‘It’s what we needed’: Countdown begins on Regina Bypass completion
The countdown to finishing the Regina Bypass is officially on, a project that began in 2014.
If everything goes as plan, the bypass will be fully open to the public by the end of October.
“Contractually, I’ve got to open this thing and hand it over by the end of October and that’s what we’re shooting for,” said Justin Churko, Regina Bypass Designer Builders (RBDB) deputy director.
As of now, parts of the bypass north of Arcola towards Balgonie are open.
A small portion of the west bypass is now accessible, along with the Dewdney overpass, which opened this past week.
All the way from Highway 33 circling down Regina to the northwest corner at Highway 11 is where the final tying point is.

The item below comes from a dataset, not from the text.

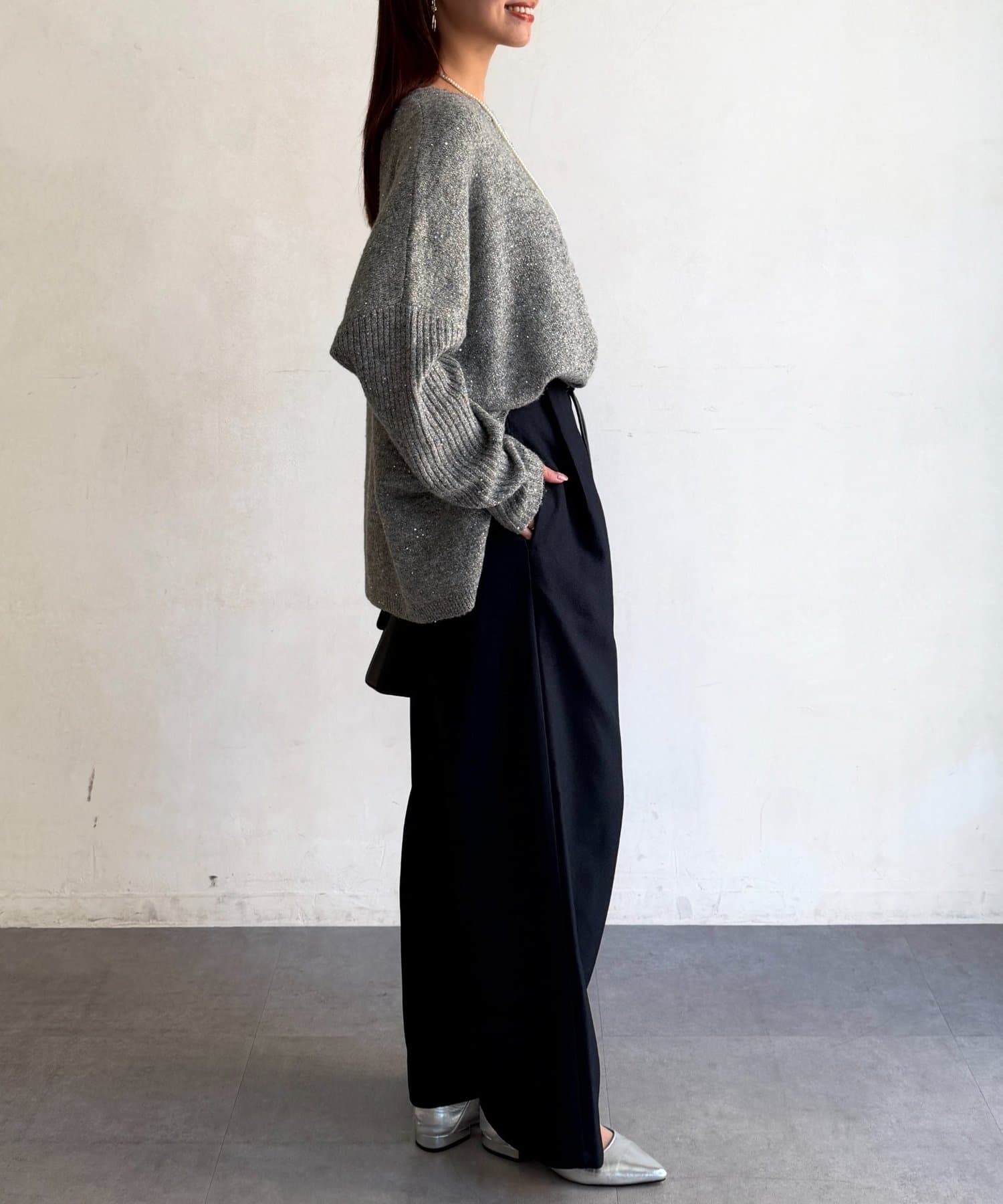 暖かみのあるウール混のニットにスパンコールをかけ合わせることで、新鮮味あふれる印象のニットに仕上がりました。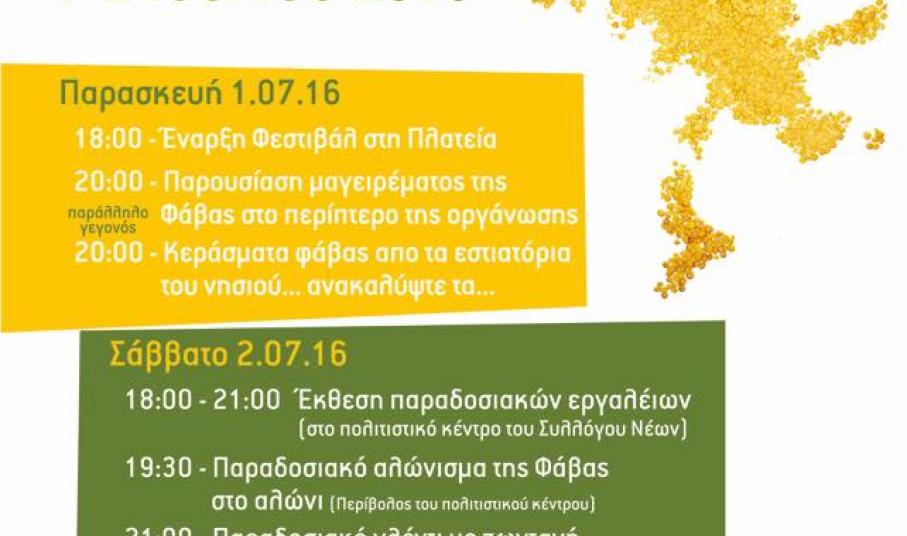 Το “χρυσάφι της γης”, όπως αποκαλούν πολλοί τη φάβα, ένα αγροτικό προϊόν υψηλής διατροφικής αξίας και ποιότητας, θα “νοστιμίσει” το πρώτο διήμερο του Ιουλίου με εκδηλώσεις μαγειρικής, αλλά και παραδοσιακό νησιώτικο γλέντι.

“Overall, we’re really happy with what we’ve been able to accomplish. You run into bumps along the way, but we’ve been able to overcome all those,” Churko said.
“We’ll be in a very good position in terms of hand over and opening this fall.”
It’s news truck drivers are happy to hear.
WATCH (May 2019): Regina Bypass on budget and on track for October completion
“Thank you very much for doing the bypass, that was necessary, really it’s what we needed,” Kaz Muda said.
“You can just bypass the city and save a lot of time, not having to slow down, and speed up again and fight with the traffic,” Wayne Francis said.
It’s not just the trucking industries that are looking forward to the completion of the bypass, residents are also anticipating the effect it’s going to have on the flow of traffic.
“Those big semis come through here all the time, and that’s not necessary. It will be nice to have them go around the city,” Harold Lutzer said.
Churko said they’re about 75 per cent done in terms of paving, which means they’re shifting focus to off-road finishes; things like signage, top soiling, line painting and rumble strips.
The recent heat has been a concern Churko said, but it isn’t slowing down their progress.
“We’re in pretty good condition in terms of where infrastructure has been built to, so the impact of weather has had a smaller effect,” Churko said.
Churko calls the Regina bypass a world-class design, and something the city and province should be proud of.